Volume Three—Chapter Ten.
Caught at Last.
“Even the worst laws are so necessary for our guidance, that without them, men would devour one another,” remarks Epicurus—in order to exemplify the frailty of human nature, according to Plutarch, the moralist. Putting the point of cannibalism aside, and thus obviating a trip to the Feejee Islands, or New Zealand, for example, it cannot be disputed that the dictum of the Epicurean philosopher is based on a fundamental truth, which is fairly exhibited in every-day life. Granting, however, that laws are necessary for human progress, the philosophical enquirer is still as much at fault as ever, for he becomes, as it were, like Hamlet, plunged into a sea of troubles, which no opposition will limit, the moment he begins his search into the mysteries of jurisprudence. The progress of the blind goddess with the sinister and dexter scale has been by no means commensurate with the advancement of civilisation, for the name of laws is legion; and between good laws and bad laws, and what may be termed legal laws and moral laws, there are as wide differences and as great discrepancies as exist among the several offenders and offences against the same.

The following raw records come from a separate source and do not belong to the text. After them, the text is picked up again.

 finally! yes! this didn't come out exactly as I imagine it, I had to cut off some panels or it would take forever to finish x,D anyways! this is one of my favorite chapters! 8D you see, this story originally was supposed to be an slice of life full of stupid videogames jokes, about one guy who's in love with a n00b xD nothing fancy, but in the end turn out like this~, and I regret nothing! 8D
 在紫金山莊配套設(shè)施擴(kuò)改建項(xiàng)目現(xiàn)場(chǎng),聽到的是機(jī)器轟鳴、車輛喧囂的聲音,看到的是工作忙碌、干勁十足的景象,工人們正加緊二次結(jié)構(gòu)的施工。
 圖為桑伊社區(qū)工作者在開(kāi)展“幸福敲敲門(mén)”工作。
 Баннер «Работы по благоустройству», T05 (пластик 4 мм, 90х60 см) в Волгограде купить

A law may be a good law, and a necessary law, and yet be a bad law, speaking according to law; while a bad and unjust law, merely regarded as a piece of law-making, becomes good when weighed in the same forensic balance. This seems paradoxical, but can be verified readily in overlooking the legal code. Law, itself, is wise, and good, and necessary; but, “too many cooks spoil the broth,” so our original Magna Charta of Liberty has become a hotch-potch pie of precedents, thanks to the many law-makers we have had, who lead the blind goddess into the gutter, and so transform Themis that no one would know her again in her original guise. There are so many cities of refuge provided for criminals within the statutes of the justice book, so many loopholes for chicanery and fraud to sneak through, that no criminal need trouble himself for fear of consequences at committing any offence in the decalogue or calendar, short of murder—even that often becomes justified under the appellative “homicide” in the minds, and under the verdict of “a free and enlightened jury!”—save the mark.
The various turnings and windings of our great national bulwark—the Law—are many and wonderful.

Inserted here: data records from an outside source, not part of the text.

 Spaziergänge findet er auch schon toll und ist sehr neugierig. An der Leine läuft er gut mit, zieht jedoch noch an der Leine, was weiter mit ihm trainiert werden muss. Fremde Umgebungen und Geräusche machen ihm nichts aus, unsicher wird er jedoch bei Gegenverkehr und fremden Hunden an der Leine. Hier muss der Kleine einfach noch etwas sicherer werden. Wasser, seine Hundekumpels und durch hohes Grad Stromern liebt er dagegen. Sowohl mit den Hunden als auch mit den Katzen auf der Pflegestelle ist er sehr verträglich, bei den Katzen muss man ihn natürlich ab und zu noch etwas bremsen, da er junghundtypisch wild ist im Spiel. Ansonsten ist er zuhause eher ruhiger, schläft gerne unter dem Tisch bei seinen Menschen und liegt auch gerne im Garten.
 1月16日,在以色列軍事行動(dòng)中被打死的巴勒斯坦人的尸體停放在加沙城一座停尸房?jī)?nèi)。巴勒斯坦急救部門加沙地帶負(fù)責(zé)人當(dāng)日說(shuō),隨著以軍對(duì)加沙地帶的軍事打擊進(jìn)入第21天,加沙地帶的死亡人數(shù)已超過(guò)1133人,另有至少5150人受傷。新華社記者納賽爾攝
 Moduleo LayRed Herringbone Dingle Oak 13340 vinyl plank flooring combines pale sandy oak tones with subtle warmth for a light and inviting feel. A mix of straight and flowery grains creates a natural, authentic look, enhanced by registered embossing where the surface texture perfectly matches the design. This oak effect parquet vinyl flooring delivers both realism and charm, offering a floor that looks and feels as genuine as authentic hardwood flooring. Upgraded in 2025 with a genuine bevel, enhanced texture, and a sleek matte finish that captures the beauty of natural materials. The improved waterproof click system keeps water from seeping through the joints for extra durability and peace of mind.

A man who commits a greater offence can only be, perhaps, indicted under a lesser plea, and the small criminal again is treated proportionately more severely than the man who deals in crime wholesale. Some reforms have, indeed, been made already, but more are still needed. Perhaps one of the greatest agitated of late has been the abolishment of imprisonment for debt, one of the most iniquitous statutes we have been cursed with. The debtor had been held on a par with the thief and the murderer, and has often been condemned to a greater term of imprisonment than the criminal who commits a burglary or takes human life. However, this will soon be numbered amongst the other mistakes of the past, like the old Fleet prison.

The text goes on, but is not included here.